The Court of Appeal held that the Muller exception can only apply where at least one party to the without prejudice negotiation is absent from the litigation. If the parties to the negotiation and litigation are identical and one party puts in issue the privileged negotiations in a way that would amount to a waiver, the other party can simply elect to treat the privilege as waived and there is accordingly no need for the Muller exception. However, where a party to the negotiation is not a party to the litigation, the parties to the litigation cannot alone cause privilege to be lost by waiver, hence the need for the Muller exception. The Court of Appeal accordingly held that Roth J was wrong to find that the Muller exception applied to the present case, where the parties to the mediation and litigation were identical. Instead, the relevant question (which was not argued) was “whether the claimants had, by their pleading of a lack of knowledge, waived privilege in the mediation statements.”
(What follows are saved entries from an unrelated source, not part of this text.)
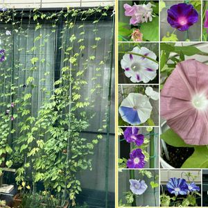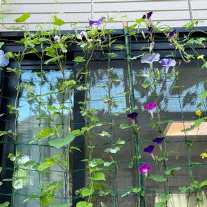 朝顔 中庭ネット 毎日上で咲きます。 中々picは撮れませんが、室内から楽しめるのはいい感じです。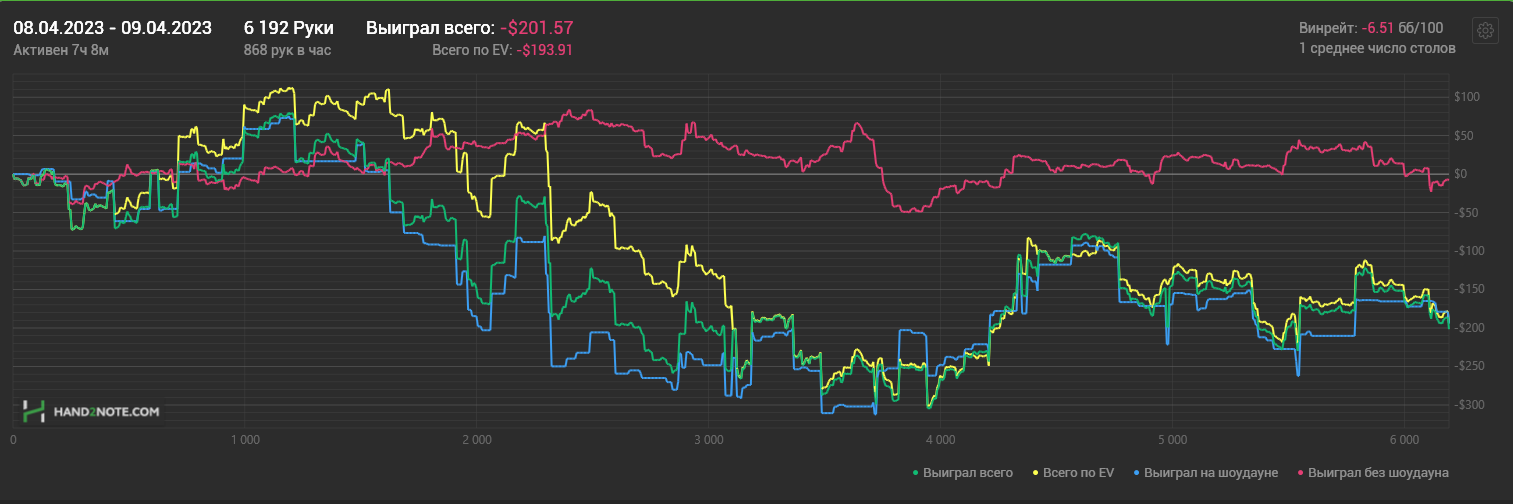Играю в покер год. Начал с зум2, дошел до з50, и ушел на рег столы в середине января. После помутнений в разумах главарей чико, ушел на впн месить рейк/селектить фишиков, еще не определился.. Планов никаких нет, новый день - новая жизнь и все такое. Курочка по зернышку, смекаешь? С апреля здесь будет что-то вроде ежедневника по часам или еще каким-то пустотным категориям, не имеющим ценности на короткой дистанции, но при постоянности, отображающих, что я становлюсь все более дисциплинированным.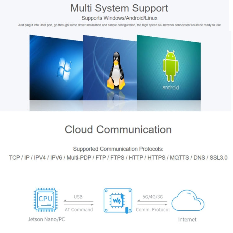 - Communication protocols: TCP/IP, IPV4, IPV6, Multi-PDP, FTP, FTPS, HTTP, HTTPS, MQTTS, DNS, SSL3.0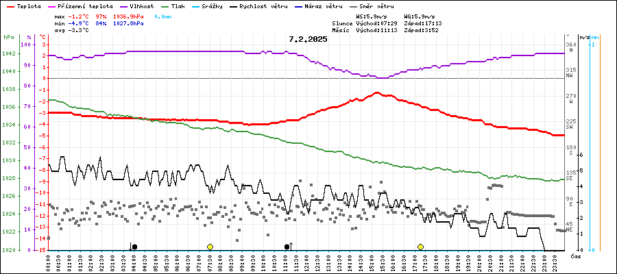 | Průměrná teplota: | -3.5°C | (tepl. v 7 + 14 + 2 x 21 h) |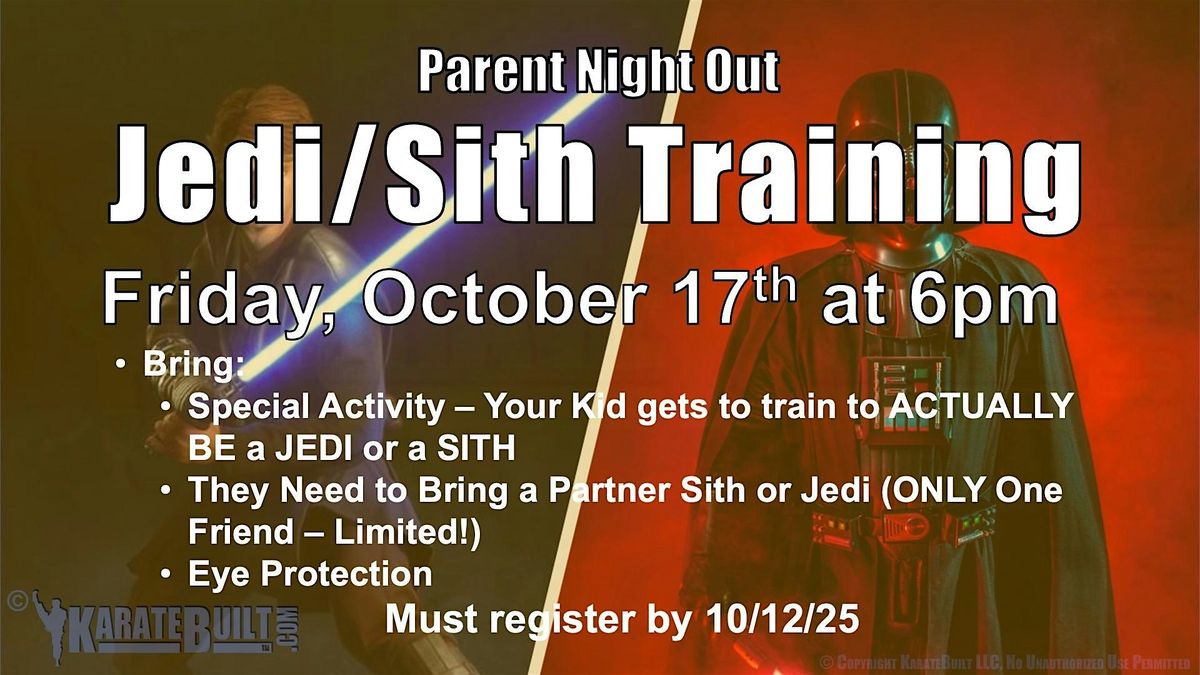 KarateBuilt Martial Arts is hosting a FREE Parent Night Out on October 17th! The theme is Jedi/Sith Training so while you parents are on date night, we'll teach your kids how to use the force, battle with lightsabers and have them navigate through the galaxies most dangerous obstacle course! Space is limited so call us today at 480-575-8171 to reserve your spot!

The Court of Appeal concluded that “a new exception” had in fact been developed by Roth J, and by the High Court in a separate case, which “would apply where one party raises an issue which cannot, or cannot fairly, be decided without recourse to evidence of without prejudice negotiations or communications but the party raising the issue resists disclosure or use of such evidence”. However, the Court of Appeal pointed out a number of potential difficulties with this new exception, many of which concerned the question of “whether this exception would involve an unacceptable interference with the public policy of encouraging compromises which is the reason for the without prejudice rule”. Ultimately, the Court of Appeal decided not to opine on whether this new exception in fact exists, because it was not necessary for the resolution of the present case.
The Court of Appeal additionally considered a further exception, which provides that if a party to a without prejudice negotiation makes an unambiguous statement which it intends for the other party to rely on, that other party is permitted to put it into evidence if it relied on it to its detriment. However, the Court of Appeal noted that it was Lancer, and not the Claimants, who had made the relevant mediation statements and the present case was not the appropriate occasion to opine on the Defendants’ argument that this exception should extend to any form of estoppel.
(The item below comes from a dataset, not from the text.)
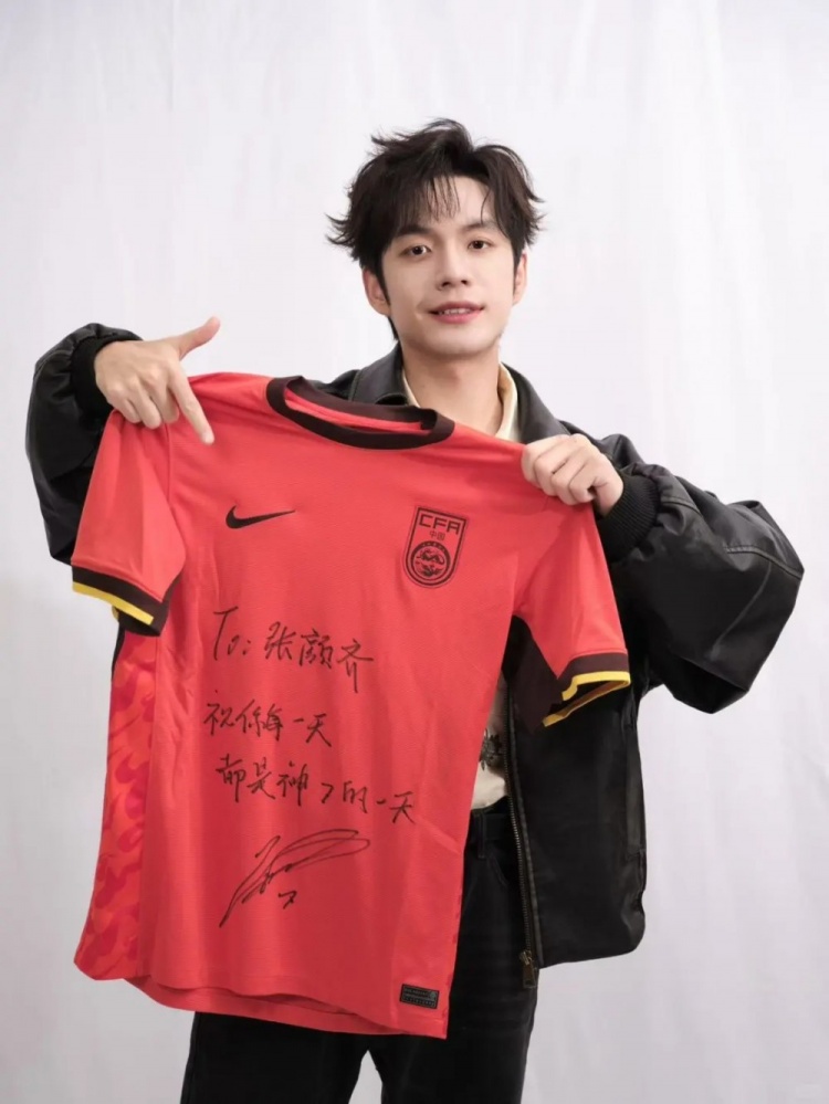 3月24日讯 在个人社媒,歌手张颜齐晒出武磊to签的国足球衣。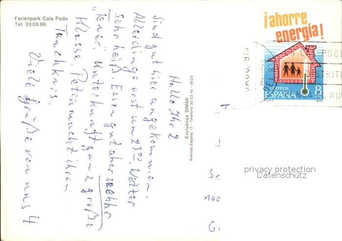 old postcard Ibiza Islas Baleares Ferienpark Cala Pada postalisch gelaufen Erhaltung siehe scans

This case is a reminder that notwithstanding the without prejudice rule, circumstances do exist where such material can become disclosable. Exceptions to the without prejudice rule may be cautiously reinterpreted by courts as new circumstances arise, and extensions allowed where they are principled and in line with the nature and purpose of the exceptions. However, courts will be mindful to ensure that the exceptions remain narrow enough that the important public policy of encouraging settlement is preserved.
The Court of Appeal’s obiter comments have raised the possibility that a new exception to the without prejudice rule may be created. Such an exception would likely apply where one party raises an issue (but without waiving privilege) which cannot fairly be decided without assessing the without prejudice negotiations. However, there are significant hurdles to overcome before such an exception can be created.
Exceptions to the without prejudice rule may be cautiously reinterpreted by courts as new circumstances arise, and extensions allowed where they are principled and in line with the nature and purpose of the exceptions.